/comparing-text-similarity

Projeto Python que compara a similaridade de texto usando Sentence Transformers e FuzzyWuzzy, explorando diferentes métodos para medir a semelhança entre strings

Primary LanguagePython

Text Similarity Comparison Project

Overview

This Python project demonstrates the comparison of text similarity using two different methods: Sentence Transformers for semantic similarity and Fuzzy for character-based similarity. Text similarity measurement plays a significant role in various applications, and understanding the differences between these methods is crucial for making informed decisions.

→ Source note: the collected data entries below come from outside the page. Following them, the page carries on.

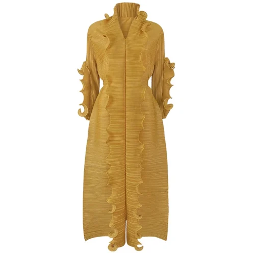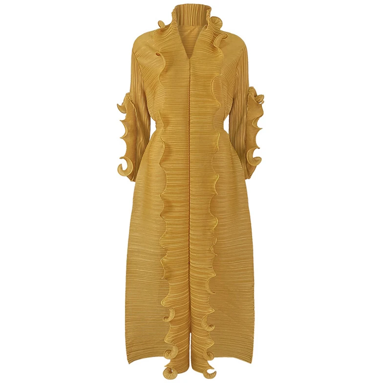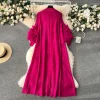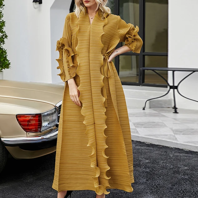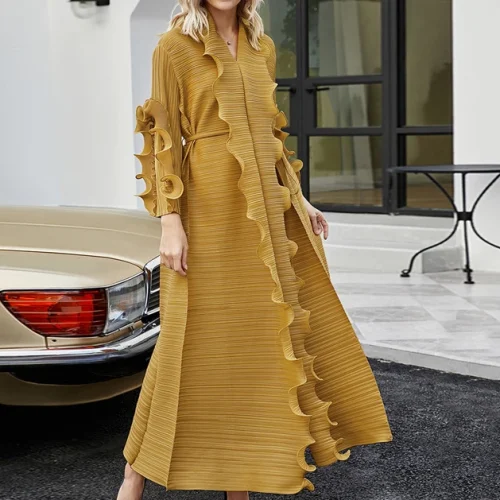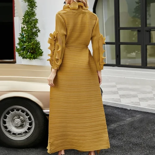 Product Name: New Fall Women’s Fashion Dress Long Sleeve Elegant Dress Casual V-neck Pleated Long Dress With Belt
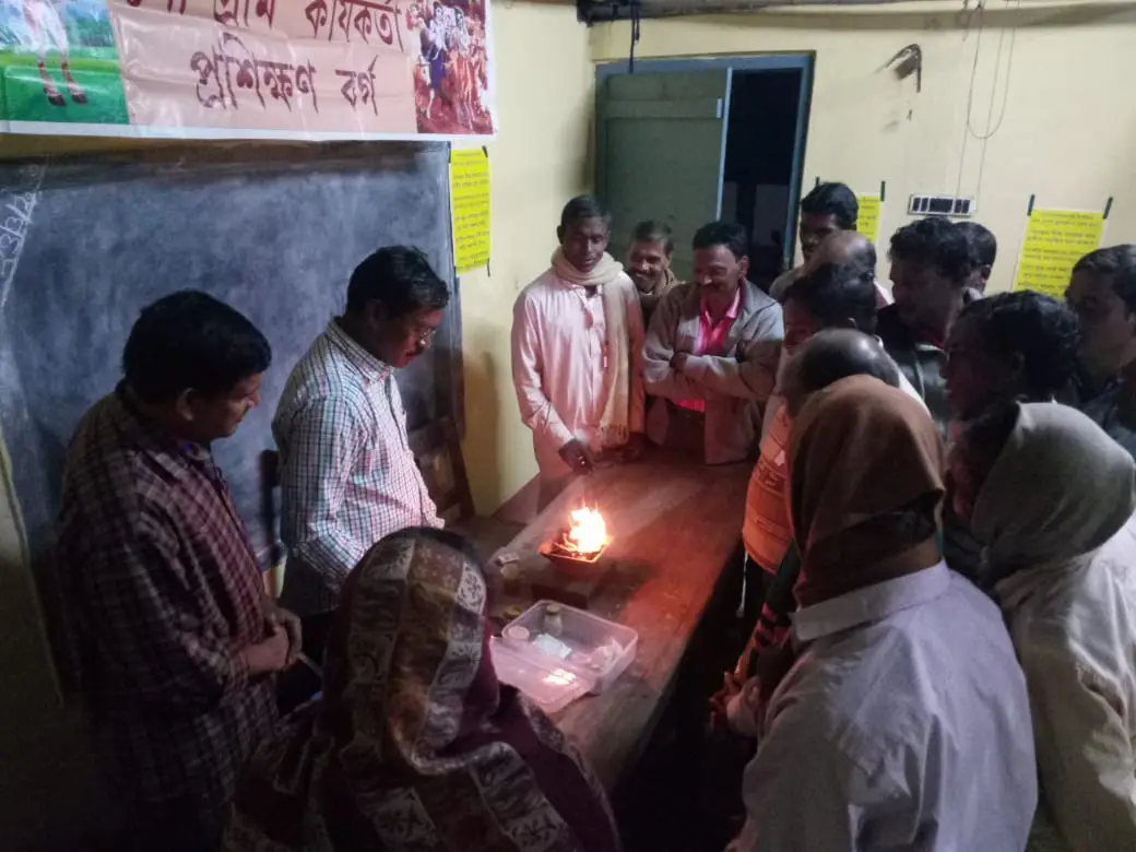 गोग्राम वार्ता : किसानों को गोबर और गौ मूत्र की उपयोगिता सिखाने एवं जैविक पद्धति द्वारा कृषि करने के लिए प्रेरित करने हेतु नियमित रूप से किसानों का प्रशिक्षण वर्ग होता है। इन प्रशिक्षण वर्गों में गोबर और गौ मूत्र द्वारा खाद निर्माण, कीट नियंत्रक , अग्निहोत्र, गौपूजन,गोबर द्वारा धूपबत्ती दीपक का निर्माण इत्यादि सिखाया जाता है। इस कड़ी में केशियारी ब्लॉक के गगनेश्वर मंडल के परुलिया ग्राम में 5 दिवसीय प्रशिक्षण वर्ग M S K Madhymik School में संपन्न हुआ। इस प्रशिक्षण वर्ग में 40 किसानों ने भाग लिया। सभी ने प्रशिक्षण के इस कार्य को अपने कार्य क्षेत्र में निरंतर करने और अन्य लोगों की सिखाने का वचन दिया।
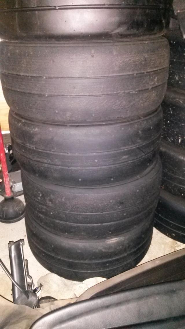 $300 205/50/15 Toyo RR. I bought these from a friend who switched from SM to PTE and I never ran them myself. If I'm remembering right, he ran about 1.5 weekends on them. One full NASA SM weekend (6 sessions) and a second weekend where his car broke on the first day. So 6-8 heat cycles. Lots of tread left; no flat-spots or abnormal wear.
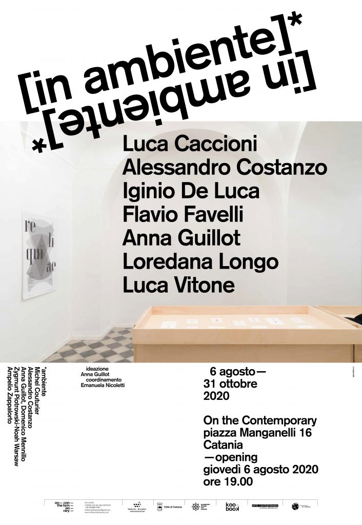 Nella mostra [in ambiente* intervengono nuove esplicitazioni sacro-profane, come il collage Evviva il papa di Flavio Favelli o l’inquietante oggetto Forever yours di Loredana Longo, per trovare un qualche dialogo linguistico con le opere preesistenti di Guillot e Zappalorto, mentre la fotografia Hypnosis di un insolito Luca Caccioni e l’installazione Indagine sulla curvatura di Alessandro Costanzo sembrano veicolare una certa dimensione popolare del sacro contrapponendosi alla visione “alta” che dell’argomento pone Zygmunt Piotrowski, o alla dimensione etica che l’opera oggettuale e video di Iginio De Luca, Sono l’automa e l’ordigno, potrebbe restituire attraverso un’imprevista sintonia con la memoria e mitologia dei luoghi espressa dalle carte di Michel Couturier, o, lateralmente, dalle operazioni di Luca Vitone e di Domenico Mennillo.
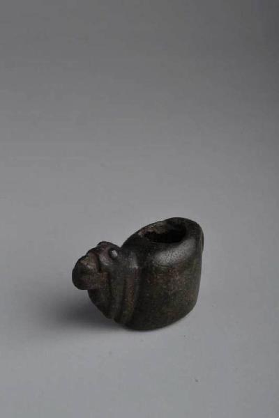 Miniatura o conopa in basalto nero raffigurante un alpaca. Sul reperto si notano tracce di lavorazione con sega a corda e con trapano-sega montato su supporto. Foro sul dorso malamente rifinito o danneggiato successivamente da colpi verticali.
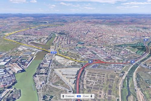 El parque linda con la A4 y tiene acceso directo a la Avenida de las Razas, un punto clave de entrada en la ciudad, y a la SE-30, la ronda de circunvalación. También se beneficiará de los accesos que conectan el Puerto con la SE-40 Sur en su enlace con la A4.
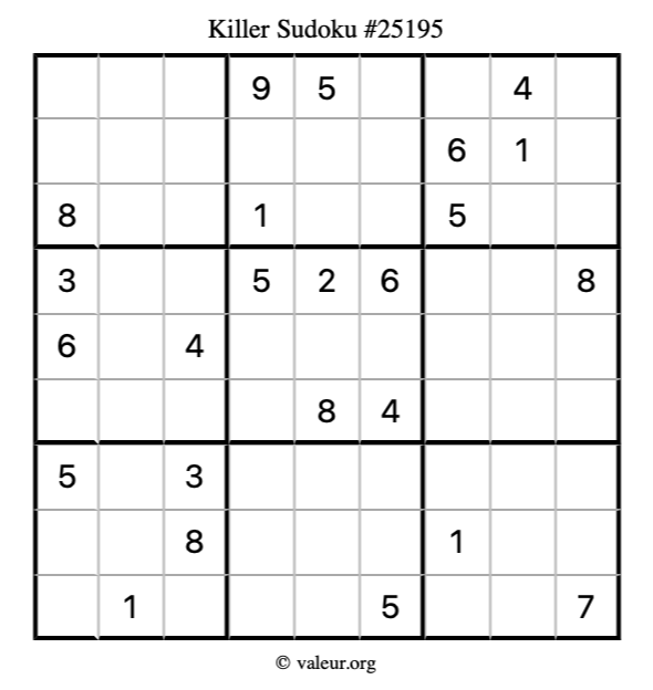 Here is our printable Killer Sudoku Puzzle #25195. You are welcome to print a copy for yourself and solve it the old-fashioned way with a pencil and an eraser!

For a more in-depth exploration of this comparison, including detailed insights and examples, I have written an article "Comparing Text Similarity Measurement Methods: Sentence Transformers vs. Fuzzy" available at dev.to.

Project Structure

The project consists of the following components:

  • main.py: Python script demonstrating the usage of both Sentence Transformers and Fuzzy.
  • requirements.txt: List of required Python libraries for the project.

Installation

Before running the project, make sure to install the required libraries. You can do this by running the following command:

pip install -r requirements.txt

Usage

  1. Run the main.py script with two text parameters (enclosed in quotes) in sequence to compare text similarity using Sentence Transformers and Fuzzy.
python app "João Matos da Silva" "João Pedro da Silva"
# Sentence Transformers:  0.8613903522491455
# Fuzzy:  0.79
python app "O vasto oceano é belo" "O imenso mar é deslumbrante."
# Sentence Transformers:  0.6285576224327087
# Fuzzy:  0.45
python app "The vast ocean is beautiful" "The immense sea is stunning"
# Sentence Transformers:  0.8006699085235596
# Fuzzy:  0.52
python app "color" "colour"
# Sentence Transformers:  0.973908543586731
# Fuzzy:  0.91
python app "The quick brown fox jumps over the lazy dog" "A fast brown fox leaps over a dozing dog"
# Sentence Transformers:  0.8295611143112183
# Fuzzy:  0.63
python app "John Smith" "Jon Smithe"
# Sentence Transformers:  0.7414223551750183
# Fuzzy:  0.9
  1. Review the output to see the similarity scores for different text pairs.